In-app messaging facilitates and points to appropriate features that could help the customer increase usage and value. You can also track logins, observe which features and functions are used most, and message the user through emails to get them re-engaged. In PX, you can show and measure the impact on adoption and retention while verbalizing the value to the customer in your meetings or EBRs.
- Health Score Might Be Wrong
In this case, essentially, the right metrics aren’t established at the beginning of the customer journey. Over time those same metrics are continuously measured and assumed to be valid indicators of health. In a sense, you get false positives. To alleviate this pain point, reevaluate your health score model and related metrics regularly. This situation is not a “set it and forget it.”
Churn analysis will reveal what was failing for companies in similar segments, industries, and fields. In Gainsight PX, you can compare customers in cohorts to see if it is an individual customer, a segment, or is it the product itself that is the problem.
- Reduction of Tech Stack
Software reduction and consolidation are typical in times of economic uncertainty. Commonly, customers are seeking to reduce tech stack spend by paring down unused or redundant software. In this process, even the best of breed solutions don’t always win. Sometimes the “just good enough but cheaper” solution wins out.

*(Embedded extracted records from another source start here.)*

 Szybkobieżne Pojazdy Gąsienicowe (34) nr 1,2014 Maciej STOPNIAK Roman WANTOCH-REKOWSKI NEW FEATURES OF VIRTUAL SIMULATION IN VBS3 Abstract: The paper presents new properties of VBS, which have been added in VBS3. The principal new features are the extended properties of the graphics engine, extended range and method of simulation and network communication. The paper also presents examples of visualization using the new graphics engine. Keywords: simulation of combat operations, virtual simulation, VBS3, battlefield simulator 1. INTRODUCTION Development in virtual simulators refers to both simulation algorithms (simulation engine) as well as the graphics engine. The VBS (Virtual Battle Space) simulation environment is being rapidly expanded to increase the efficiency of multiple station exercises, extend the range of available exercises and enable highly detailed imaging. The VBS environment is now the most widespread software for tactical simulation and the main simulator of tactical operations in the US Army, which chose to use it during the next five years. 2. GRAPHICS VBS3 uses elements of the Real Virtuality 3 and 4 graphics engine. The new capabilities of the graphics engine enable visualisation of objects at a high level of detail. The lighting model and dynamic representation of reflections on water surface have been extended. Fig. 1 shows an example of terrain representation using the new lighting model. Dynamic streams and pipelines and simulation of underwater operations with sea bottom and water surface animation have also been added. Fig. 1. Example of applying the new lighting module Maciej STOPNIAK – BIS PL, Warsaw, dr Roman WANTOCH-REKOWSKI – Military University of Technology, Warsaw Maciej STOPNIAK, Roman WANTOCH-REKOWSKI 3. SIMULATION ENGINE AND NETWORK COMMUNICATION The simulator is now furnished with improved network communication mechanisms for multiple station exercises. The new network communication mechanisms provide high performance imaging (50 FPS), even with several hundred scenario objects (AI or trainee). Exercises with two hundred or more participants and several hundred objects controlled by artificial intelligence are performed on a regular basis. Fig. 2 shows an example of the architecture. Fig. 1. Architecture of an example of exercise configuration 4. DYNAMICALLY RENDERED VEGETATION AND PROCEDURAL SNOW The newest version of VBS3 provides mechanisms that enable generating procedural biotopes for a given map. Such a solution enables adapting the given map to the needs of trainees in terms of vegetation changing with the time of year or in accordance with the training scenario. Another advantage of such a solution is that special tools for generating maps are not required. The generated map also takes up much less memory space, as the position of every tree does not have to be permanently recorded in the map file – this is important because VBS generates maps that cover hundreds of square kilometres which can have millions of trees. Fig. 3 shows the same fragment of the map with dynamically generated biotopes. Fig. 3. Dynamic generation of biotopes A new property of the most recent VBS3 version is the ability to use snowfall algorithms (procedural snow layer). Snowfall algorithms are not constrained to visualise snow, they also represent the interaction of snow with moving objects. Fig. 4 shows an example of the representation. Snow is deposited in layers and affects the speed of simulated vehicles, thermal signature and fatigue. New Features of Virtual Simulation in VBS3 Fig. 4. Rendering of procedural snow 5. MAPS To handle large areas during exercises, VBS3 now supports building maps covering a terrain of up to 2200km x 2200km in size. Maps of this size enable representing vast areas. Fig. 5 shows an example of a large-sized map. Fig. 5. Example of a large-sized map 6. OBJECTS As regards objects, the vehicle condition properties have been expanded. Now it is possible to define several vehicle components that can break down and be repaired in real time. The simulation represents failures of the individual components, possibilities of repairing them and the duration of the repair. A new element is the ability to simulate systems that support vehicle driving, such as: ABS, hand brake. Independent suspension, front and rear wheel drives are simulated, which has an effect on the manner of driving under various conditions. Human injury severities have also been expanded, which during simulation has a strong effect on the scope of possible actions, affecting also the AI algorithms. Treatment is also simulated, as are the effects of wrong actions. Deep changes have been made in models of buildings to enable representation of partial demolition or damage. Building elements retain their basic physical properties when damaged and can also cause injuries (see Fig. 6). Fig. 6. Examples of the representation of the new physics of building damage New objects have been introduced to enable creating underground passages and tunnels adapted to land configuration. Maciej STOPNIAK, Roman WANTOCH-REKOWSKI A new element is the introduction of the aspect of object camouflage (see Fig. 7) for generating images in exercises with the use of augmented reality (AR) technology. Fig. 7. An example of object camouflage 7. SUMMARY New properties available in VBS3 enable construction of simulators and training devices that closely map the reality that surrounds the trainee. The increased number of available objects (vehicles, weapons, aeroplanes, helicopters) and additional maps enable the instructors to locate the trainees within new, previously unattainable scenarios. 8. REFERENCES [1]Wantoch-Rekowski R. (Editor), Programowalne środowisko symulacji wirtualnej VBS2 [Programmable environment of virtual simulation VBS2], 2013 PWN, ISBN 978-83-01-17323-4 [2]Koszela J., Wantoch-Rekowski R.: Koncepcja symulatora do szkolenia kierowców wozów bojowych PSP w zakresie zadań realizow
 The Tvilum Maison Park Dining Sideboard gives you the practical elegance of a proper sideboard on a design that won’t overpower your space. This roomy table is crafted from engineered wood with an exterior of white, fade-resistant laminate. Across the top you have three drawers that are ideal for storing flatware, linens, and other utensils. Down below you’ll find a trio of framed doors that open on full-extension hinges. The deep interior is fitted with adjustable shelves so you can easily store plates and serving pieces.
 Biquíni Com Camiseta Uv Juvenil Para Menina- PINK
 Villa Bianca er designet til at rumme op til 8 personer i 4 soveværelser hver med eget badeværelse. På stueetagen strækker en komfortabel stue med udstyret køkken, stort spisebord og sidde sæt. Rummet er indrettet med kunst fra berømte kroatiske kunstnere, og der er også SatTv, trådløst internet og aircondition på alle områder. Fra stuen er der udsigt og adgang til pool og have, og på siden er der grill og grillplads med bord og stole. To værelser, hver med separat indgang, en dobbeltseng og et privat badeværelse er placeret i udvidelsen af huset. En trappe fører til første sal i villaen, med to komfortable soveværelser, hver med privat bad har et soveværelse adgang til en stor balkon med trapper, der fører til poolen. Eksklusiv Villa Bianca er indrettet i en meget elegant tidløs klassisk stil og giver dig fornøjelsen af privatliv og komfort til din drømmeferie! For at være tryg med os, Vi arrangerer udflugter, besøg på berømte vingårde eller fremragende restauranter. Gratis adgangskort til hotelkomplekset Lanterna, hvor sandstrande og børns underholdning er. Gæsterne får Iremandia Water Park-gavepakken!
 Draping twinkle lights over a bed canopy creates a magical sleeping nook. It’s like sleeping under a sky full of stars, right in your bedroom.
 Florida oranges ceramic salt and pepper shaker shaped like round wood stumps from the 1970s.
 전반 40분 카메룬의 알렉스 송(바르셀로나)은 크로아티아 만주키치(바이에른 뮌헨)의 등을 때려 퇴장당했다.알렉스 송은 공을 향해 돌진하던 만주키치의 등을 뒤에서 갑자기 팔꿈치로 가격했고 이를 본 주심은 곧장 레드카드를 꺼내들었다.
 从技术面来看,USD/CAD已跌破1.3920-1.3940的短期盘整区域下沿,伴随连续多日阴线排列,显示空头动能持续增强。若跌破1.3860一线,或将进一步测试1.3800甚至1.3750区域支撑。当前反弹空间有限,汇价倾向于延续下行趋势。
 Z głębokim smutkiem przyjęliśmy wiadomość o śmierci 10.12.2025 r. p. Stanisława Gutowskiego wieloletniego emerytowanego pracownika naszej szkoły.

With Gainsight, we say that PX and our CS product are better together. What needs to be heavily conveyed to the customer is the time, value, and effort expended to date in your product. Switching costs and the pain of replicating even a fraction of our platform’s capabilities outweigh their potential churn. If necessary, in situations such as these, be ready to negotiate a reduced contract to keep the customer. But more importantly, find ways to bring as much functionality to your customer as possible, as Gainsight does with its multiple features, such as C360, Scorecards, Timeline, Playbooks, Success Plans, Reporting, and Dashboards under one banner of customer data and analytics. Ultimately, Gainsight’s full suite of tools can eliminate the software spend in other areas.
By raising the customer health and risk visibility using Gainsight PX and CS, you have an edge against churn. Ultimately, you have to establish and keep an open dialog with your customer. It is a combination of data and the associated narrative. Go beyond the analysis, the surveys, and usage data. Be prepared to put personal or perceived bias and feelings aside and set to action to prevent customers from churning. Keep asking, “Why?” Most of all, listen to the voice of the customer. Through their story, verbal or data-driven, you can make the right diagnoses with the right tools.